After you restart, run a normal session of use -- using the machine and programs like you normally do.

Go to Terminal and type in vm_stat

Look at pageouts... is it a big number?

Unless you have a high pageout number, you're most likely not resorting to having to use the VM Manager to much -- aka, you have enough memory so don't worry.

If it's a high number, you are probably thin on memory.

---

Page swaps are energy consuming on a portable, though it should swap the memory to the HD to power the machine down into deep sleep...

So letting depending on how many times you let the machine sleep, the pageout numbers will be huge -- until you restart the machine.

EDIT: Page swaps aren't eating up memory, but letting you use more virtual memory than you have physical memory.

Before in OS 9, we'd be getting a lot of "out of memory" errors as the memory space becomes fragmented or we run out of memory.

OS X manages memory for us much better so we don't have to worry, just makes things slow at times.
 

stoid

macrumors 601
Code:
PhysMem:  73.9M wired,  237M active, 97.5M inactive,  408M used,  103M free
VM: 4.73G + 87.7M

From typing 'top' into a new Terminal window.
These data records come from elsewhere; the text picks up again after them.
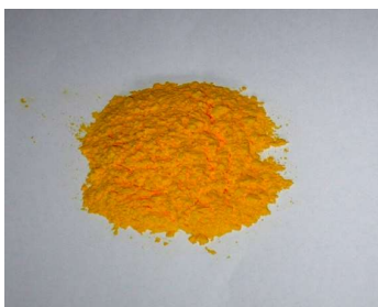
< CELLCOM - ACMP/L02 >

CELLCOM - ACMP series are modified blowing agents. They are specially formulated chemical blowing agent for cross-linked LDPE and PP foam with chemically cross-linking by extrusion and continuous oven foaming process. CELLCOM-ACMP series are well dispersible in polymer compound and it is able to make coarse & uniform cell structure and smoother skin in the sponge.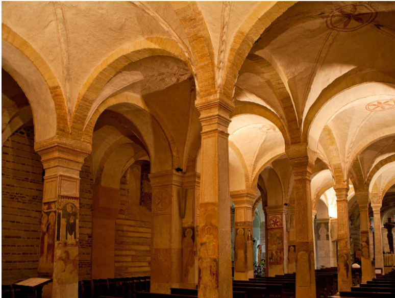
Church of San Fermo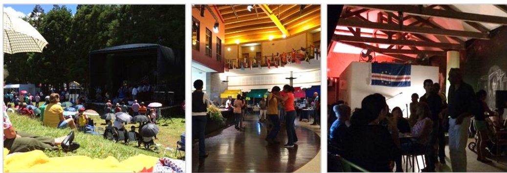
Figure 4.3 Events attended in the Azores

photographs 43 , relevant newspaper articles from the local media, participant observation, and a focus group with key local actors. I also took part in local events and celebrations involving the study groups. This included large Azorean religious celebrations such as Festas do Divino Espírito Santo [Holy Ghost Festival], smaller events such as Dia do Emigrante [Emigrant Day] in Terceira island and Dia do Imigrante [Immigrant Day] in Terceira and São Miguel Islands, and other local festivities (e.g. the running of the bulls, and the parade in the Praia da Vitória, Terceira island) and kermesses to celebrate religious events in the various parishes of the islands (figure 4.3).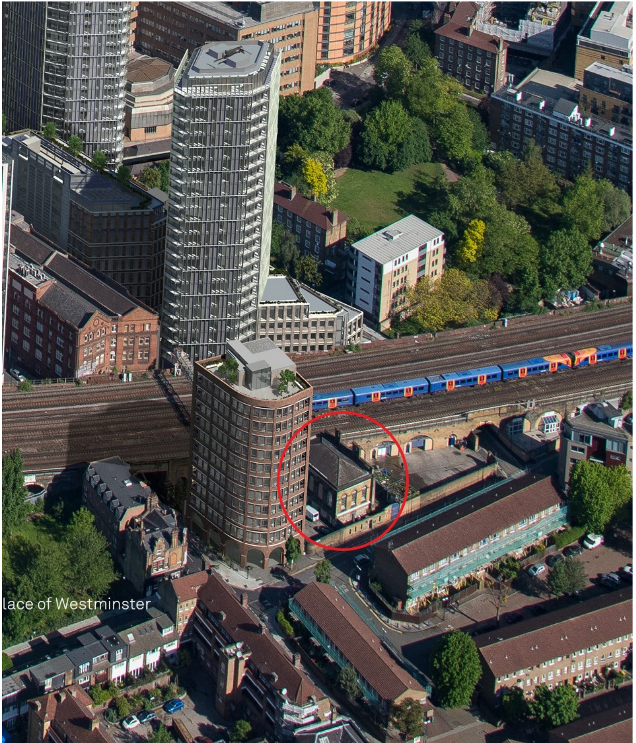
Aerial view proposed, close-up. Beaconsfield with red ring.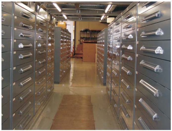
Modular Drawer Cabinets offer self-contained storage for small to medium parts and can be easily repositioned without unloading for facility reconfiguration or deployment.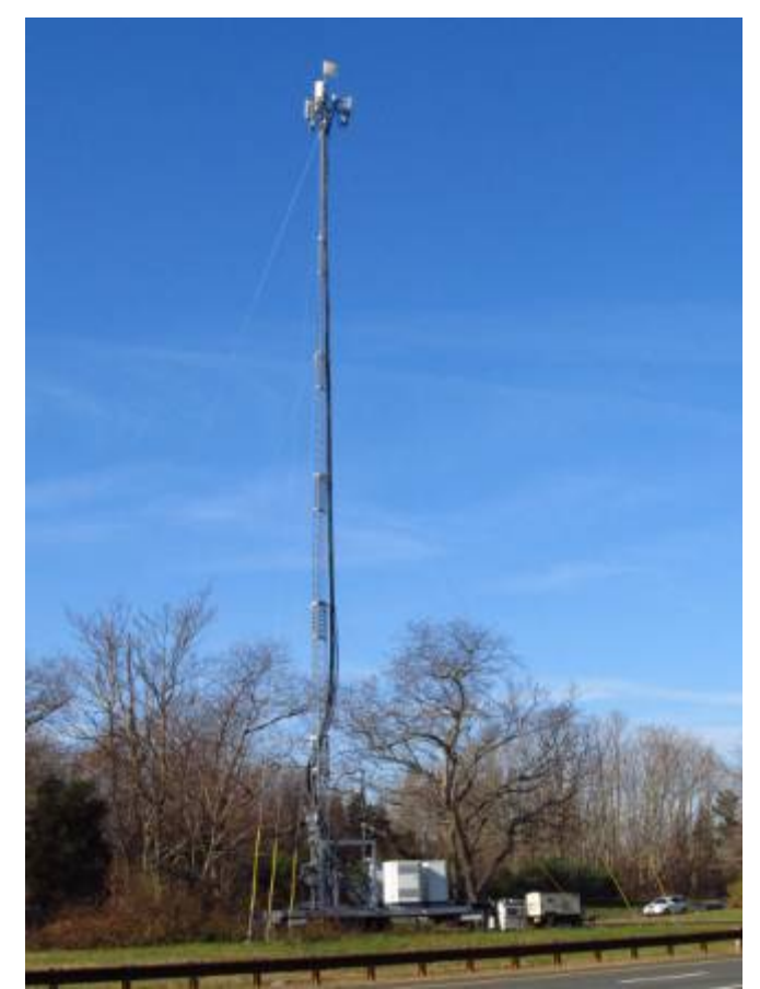
Fig. 25 A COW along the Garden State Parkway.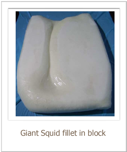
Giant Squid fillet in block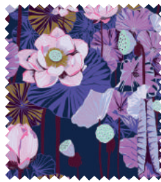
PWAM012.PRUSS Lotus - Prussian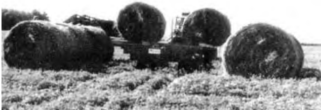
FIGURE 2. Space Left Between Unloaded Bales.

The Mumby did not impart any aggressive action on the bales, and crop losses were considered negligible. It did however place the bales in different orientation from which they settle on the ground after baling, reducing the bales' ability to shed moisture. When unloaded, the windrows of bales were placed about 24 ft (7.3 m) apart, which required rehandling with the front-end loader (FIGURE 2).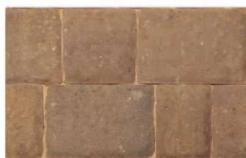
Rustic Bronze (RB)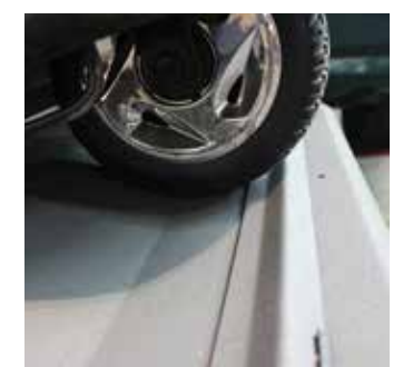
Wheel chock kit required for FWD powerchairs.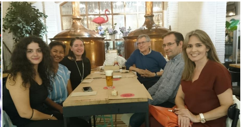
Farewell dinner in Vigo city on June 11, 2019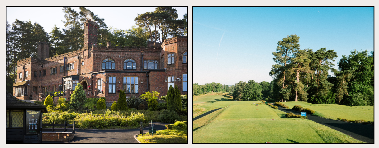
Please note: all FLA events are subject to the application of competition law. Details will be available on the day and are included in the booking form.

All three nines are maintained and groomed to the same high standards and the putting surfaces all play to the same consistent speed.

All I have is iTunes playing, iChat idling, Mail idling, and Safari browsing the boards.
 

kasei

macrumors 6502a
Original poster
Dec 30, 2003
657
257
Los Angeles, CA
Sun Baked said:
This should be done after rebooting, but before letting the machine sleep.

After you restart, run a normal session of use -- using the machine and programs like you normally do.
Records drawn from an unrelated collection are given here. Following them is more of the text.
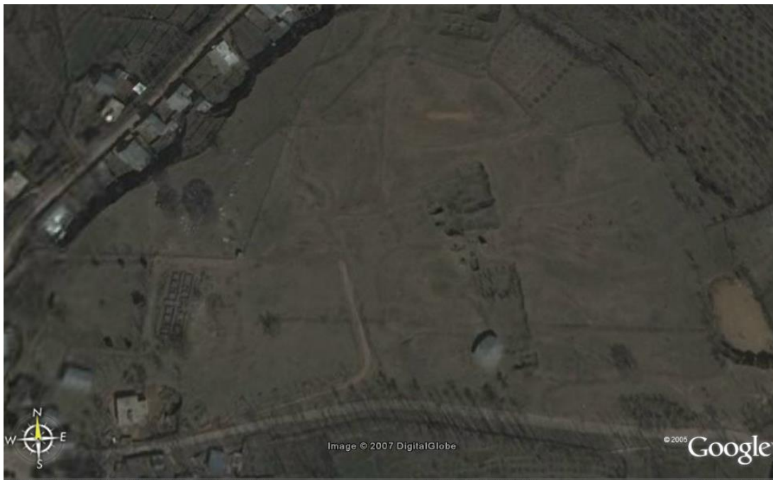
Figure 4(b). Some alignment possibilities overlaid on a satellite picture of Burzuhama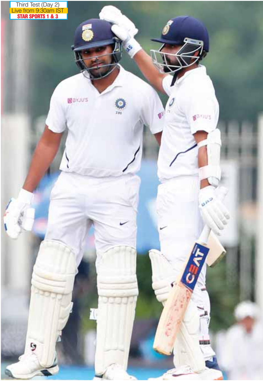
Ajinkya Rahane, right, pats on the helmet of teammate Rohit Sharma to congratulate him on scoring century during first day of third Test against South Africa at Jharkhand State Cricket Association Stadium in Ranchi

Kohli took the review but only to be turned down with an umpire's call and the skipper went back to the pavillion frustrated.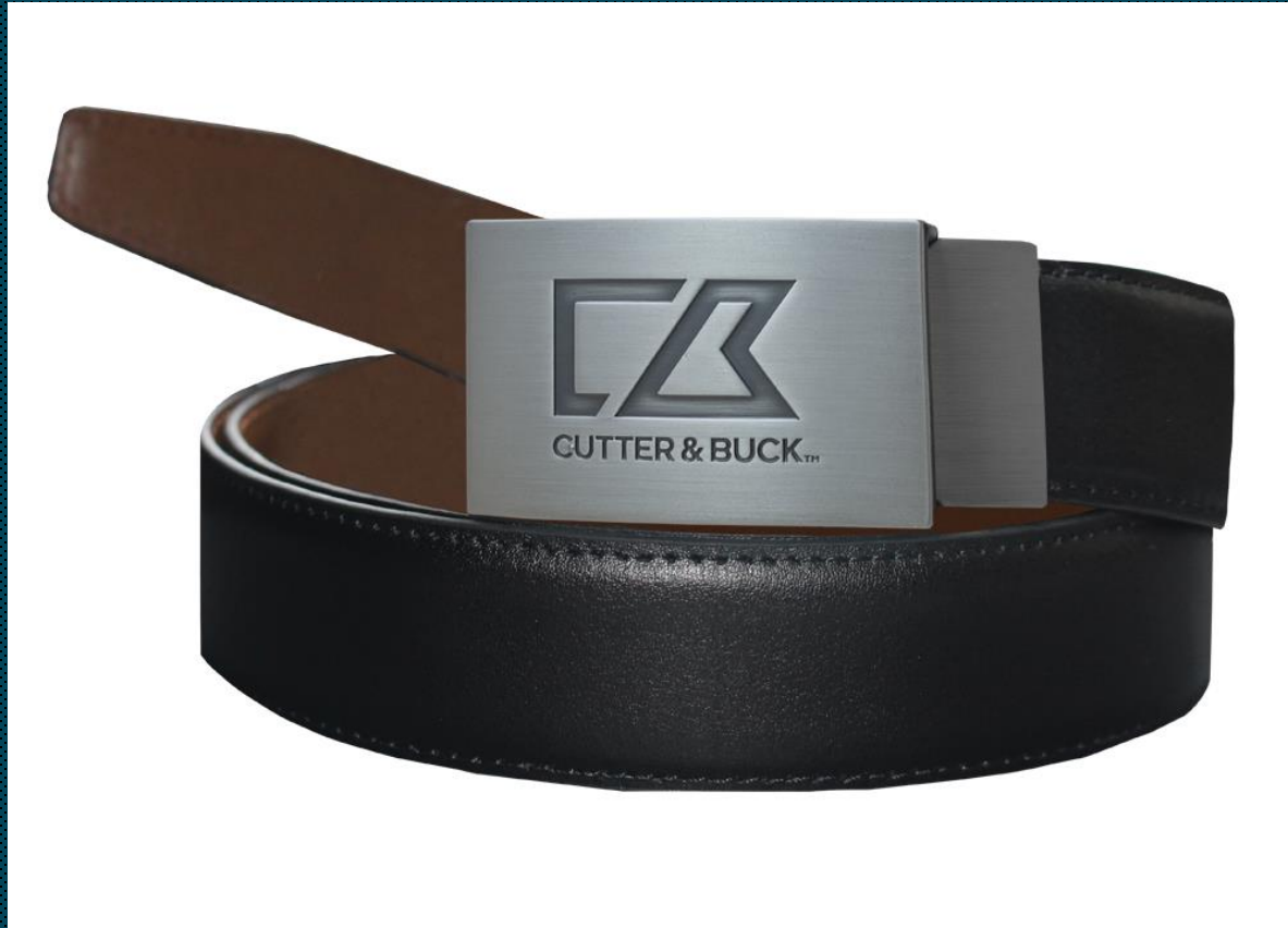
C&B Reversible CTS (Black/Brown) Custom Reversible CTS (Black/Brown)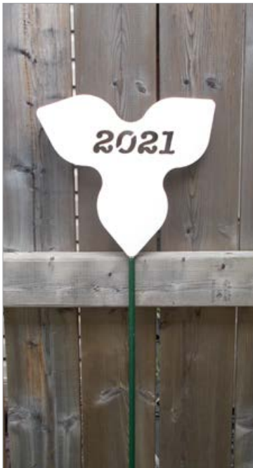
A sample of a Trillium sign

As the summer brings on more projects for our society, we have two pollinator gardens going in. One will be on the property in the town of LaSalle in Vince Marcotte Park. The other pollinator garden will be at a canoe company property along River Canard. Both projects will include the new youth members. Our society is very excited to have received two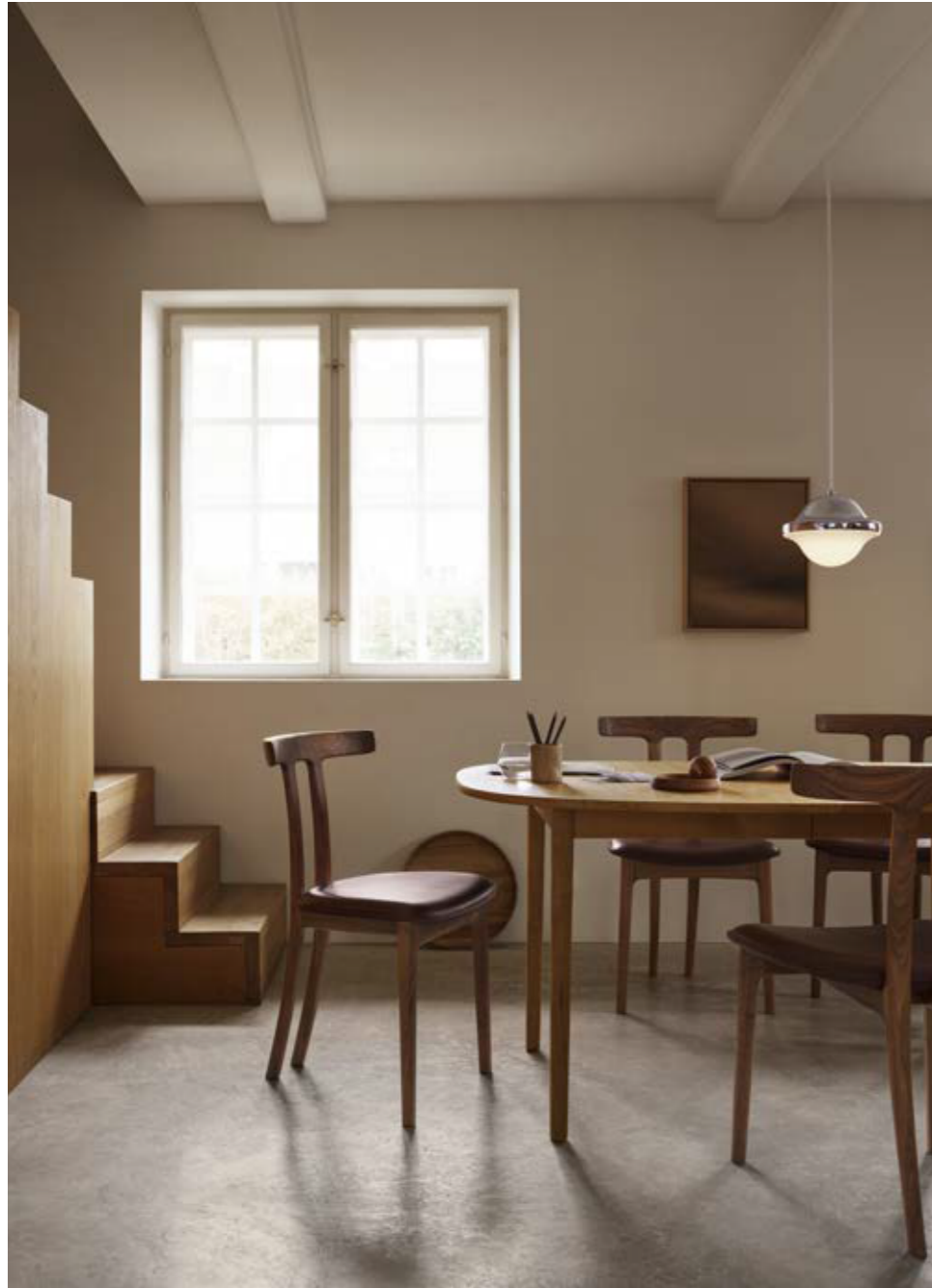
HK20 Bubi Lamp, OW58 T-Chair, OW224 Rungstedlund Table Shade: opal acrylic. Top: chrome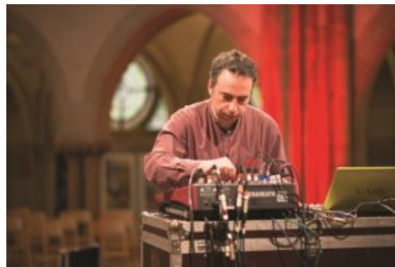
...with a little help from the engineerthe

Go to Terminal and type in vm_stat

Look at pageouts... is it a big number?

Unless you have a high pageout number, you're most likely not resorting to having to use the VM Manager to much -- aka, you have enough memory so don't worry.
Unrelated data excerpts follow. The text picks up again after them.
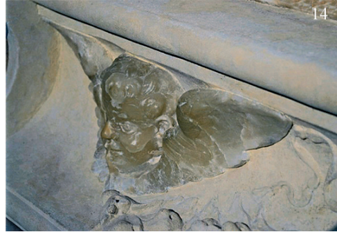
Pic. 14. An angel – an ornamental element.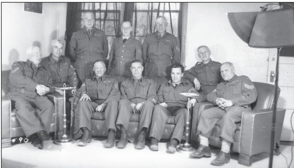
Members of the Veterans Guard of Canada who staffed Camp 100 at Neys. These were First World War veterans deemed too old to serve overseas but still able to render valuable service on the home front. Thunder Bay Historical Museum Society, 974.2.4g.

confined to holding civilian internees and a small number of German Enemy Merchant Seamen (EMS). However, in June 1940, Canada accepted a British request to receive combatant POWs and civilian internees from the United Kingdom. Canada now required more internment camps. The Department of National Defence quickly converted existing facilities, like a former sanatorium and abandoned pulp and paper mills, to hold POWs. Camp R at Red Rock, for example, was built on property formerly owned by the Lake Sulphite Pulp and Paper Company and, opening in July 1940,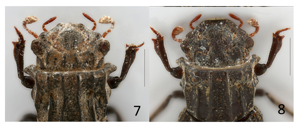
Figs. 7-8. Heads: 7- Rhyparus myslenickorum sp. nov., 8- Rhyparus burckhardti Paulian, 1989. Figs. 7-8: scale lines: 1.0 mm.

ACKNOWLEDGEMENTS. I am grateful to Robert Angus for checking my English. Special thanks go to Cezary Nowak who helped me get material examined in current manuscript.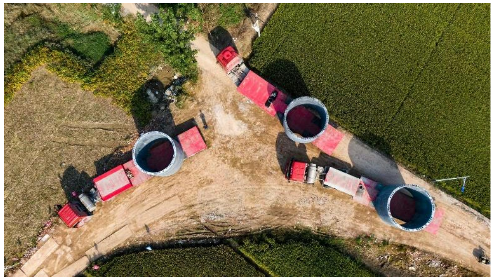
Figure 2 Transportation of 180 m wind turbine mixed tower components in Lianshui, Jiangsu

The mixed tower section adopts a standard modular tube section design. Through the flexible combination of 9 standard tube section modules, it can adapt to different tower schemes with different main wind turbines and different heights from 120 m to 300 m.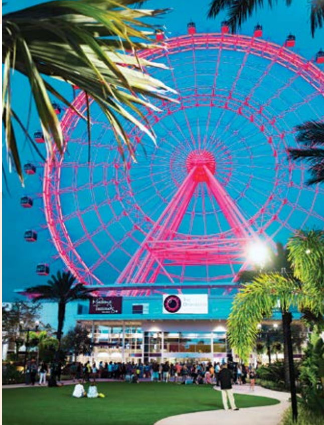
The Coca-Cola Orlando Eye.

enhances the overall experience. For instance, instead of hosting a traditional banquet in a hotel ballroom, planners can take their group into a theme park one evening,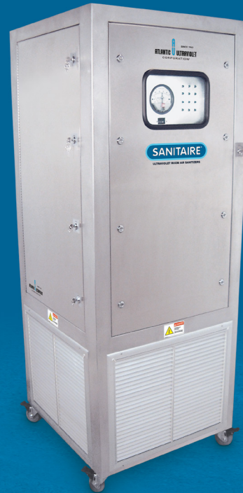
SANITAIRE ® RSM2680

Recessed Ceiling Mount for Occupied Areas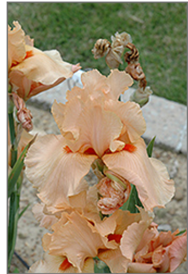
Frappe Iris flowers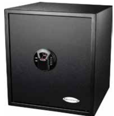
1.94 Cubic Ft Biometric Keypad Safe AX12842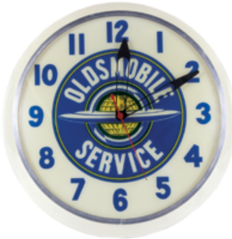
120. Oldsmobile Clock 5 x 16.25" (dia.) Scarce, light-up metal, plastic and glass clock from early auto dealership. Excellent (C. 8.5++). Lights up and runs nicely. Min. bid $100.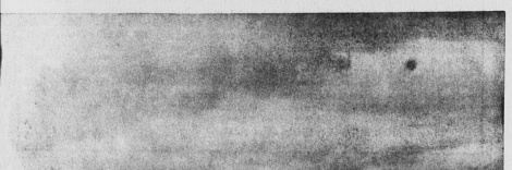
REGIONAL HIGH SCHOOL IS LARGEST IN PROVINCE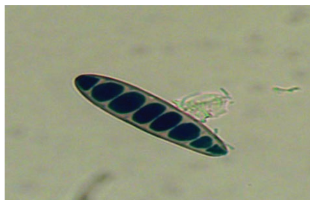
Fig. 3. Macroconidia of Trichophyton ajelloi stained with lactophenol blue and visualized using a compound microscope, 1,000× magnification.

An intriguing alternative reason for our inability to recover T. verrucosum could be a result of competitive interference among fungi in our laboratory cultures (Shearer 1995). Penicillium spp. (Fig. 2C) represented 3.4% of cfus recovered in the current study, and they produce the antifungal compound, griseofulvin, which has been used to treat dermatophytoses caused by Microsporum spp. and Trichophyton spp. (El Nakeeb et al. 1965). For example, a macroconidia of Trichophyton was observed and photographed (Fig. 3), but it did not grow and develop into a colony and therefore could not be sequenced. Based on microscopy, this macroconidia appeared to be the common Trichophyton ajelloi , a geophilic fungus. In this instance, chemical antibiosis in our laboratory cultures may have impacted recovery. Further, bacterial-fungal community interactions may impact prevalence and recovery of

If it's a high number, you are probably thin on memory.

---

Page swaps are energy consuming on a portable, though it should swap the memory to the HD to power the machine down into deep sleep...

So letting depending on how many times you let the machine sleep, the pageout numbers will be huge -- until you restart the machine.

EDIT: Page swaps aren't eating up memory, but letting you use more virtual memory than you have physical memory.

Before in OS 9, we'd be getting a lot of "out of memory" errors as the memory space becomes fragmented or we run out of memory.

OS X manages memory for us much better so we don't have to worry, just makes things slow at times.

Thanks for the help. My machine goes to sleep quite a bit so that might be at the root of the file swapping.